In general, in one aspect, the present invention involves a system for accessing a target fluid in a formation of an oilfield having a wellbore intersecting a portion of the formation. The system comprises a chemical agent for providing a chemical action at the portion of the formation, equipment for acquiring physicochemical property information of the portion of the formation, means for determining a type and concentration of the chemical agent based on the physicochemical property, and means for applying the chemical agent at the portion of the formation to release the target fluid in the portion of the formation responding to the chemical action.

Other aspects and advantages of the invention will be apparent from the following description and the appended claims.

FIG. 1 shows a schematic of an experiment for modeling wellbore stability.

FIG. 2 shows a graphical representation of pore pressure in an experiment for modeling wellbore stability.

FIG. 3 shows a diagram of hydraulic fracturing used in oilfield operation.

FIG. 4 shows an exemplary oilfield activity with wellbores linked to an operations control center.

FIG. 5 shows two wellbores in communication with an operations control center.

FIG. 6 shows a detailed view of an operations control center.

FIG. 7 shows a graphical representation of pore pressure in accordance with aspects of the invention.

FIG. 8 shows a schematic of an open hole drilling operation for accessing the target fluid in a formation in accordance with aspects of the invention.

FIG. 9 show a flowchart of a method for accessing a target fluid in a formation in an oilfield operation in accordance with aspects of the invention.

FIG. 10 shows a schematic of an cased hole operation for accessing the target fluid in a formation in accordance with aspects of the invention.

Specific aspects of the invention will now be described in detail with reference to the accompanying figures.
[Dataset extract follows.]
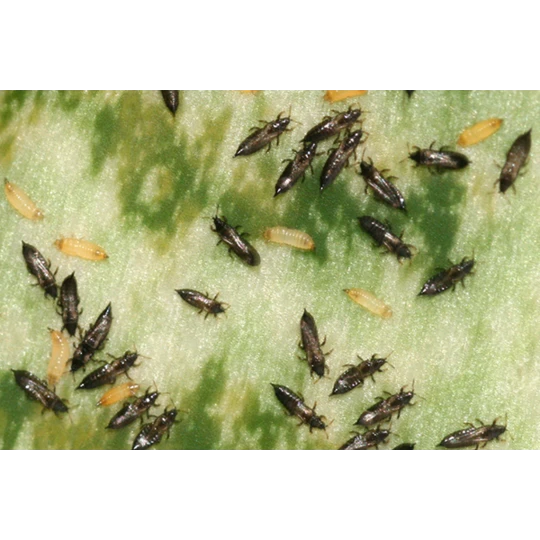 De trips kan vliegen, waardoor hij zich razendsnel kan verplaatsen en ook de plaag zich snel verspreid. De trips is een klein dun insect, met een breedte van bijna 1 mm. De vleugels zijn bijna transparant. Deze kleine insecten (minder dan 1 mm breed) voeden zich door in de cel van het blad te prikken om vervolgens de inhoud op te zuigen. Je zult dit zien doordat bladeren zilverachtige vlekken tonen met daarop kleine donkergroene vlekjes. Wanneer bladeren extreem zijn aangetast, zullen ze bladeren zelfs verdrogen. De volwassen trips verpopt zich in de bodem onder de plant en zal zich daarna weer verplaatsen naar de plant. Vervolgens legt de trips zijn eitjes weer in de plant, waardoor er nieuwe larven ontstaan. De larven van de trips zijn uitstekend te bestrijden met aaltjes.

Like elements in the various figures are denoted by like reference numerals for consistency.

In the following detailed description of aspects of the invention, numerous specific details are set forth in order to provide a more thorough understanding of the invention. However, it will be apparent to one of ordinary skill in the art that the invention may be practiced without these specific details. In other instances, well-known features have not been described in detail to avoid unnecessarily complicating the description.

In general, aspects of the invention relate to resolving a problem associated with accessing target fluid, such as hydrocarbon, in a formation, such as shale, clayey sandstone, or other low permeability formations.

As described above, FIGS. 1-3 depict an overview of an example containing various aspects of the oil and gas industry. Briefly, an oilfield activity may take many forms including operations performed before any drilling occurs, such as, for example, exploration, analysis, etc. In addition, an oilfield activity may include activities occurring after drilling, for example, well work over and intervention, as well as storage, transport and refining of hydrocarbons. Furthermore, an oilfield activity may also include activities performed during drilling.

FIG. 4 shows an exemplary oilfield activity with wellbores linked to an operations control center. An oilfield activity 50 is depicted including machinery used to extract hydrocarbons, such as oil and gas, or other fluids from down-hole formations. An operations control center 90 may assist in collecting data and making decisions to enhance operations in the oilfield. Data may include, for example, measurements of bottom hole pressure and tubing head pressure.

As shown in FIG. 4, the oilfield activity 50 includes a number of wells. Specifically, the oilfield activity 50 includes first producing well 52, which uses an electric submersible pump 54 to produce a hydrocarbon (e.g., oil, gas, etc.); a second well 56, which relies on a gas lift to produce a hydrocarbon; and a third well 58, which produces a hydrocarbon on the basis of natural flow. First producing well 52, second well 56, and third well 58 deliver production fluids (e.g., hydrocarbon produced from their respective wells) to a production manifold 60. The production manifold collects multiple streams and outputs the streams to a gas and oil separator 62.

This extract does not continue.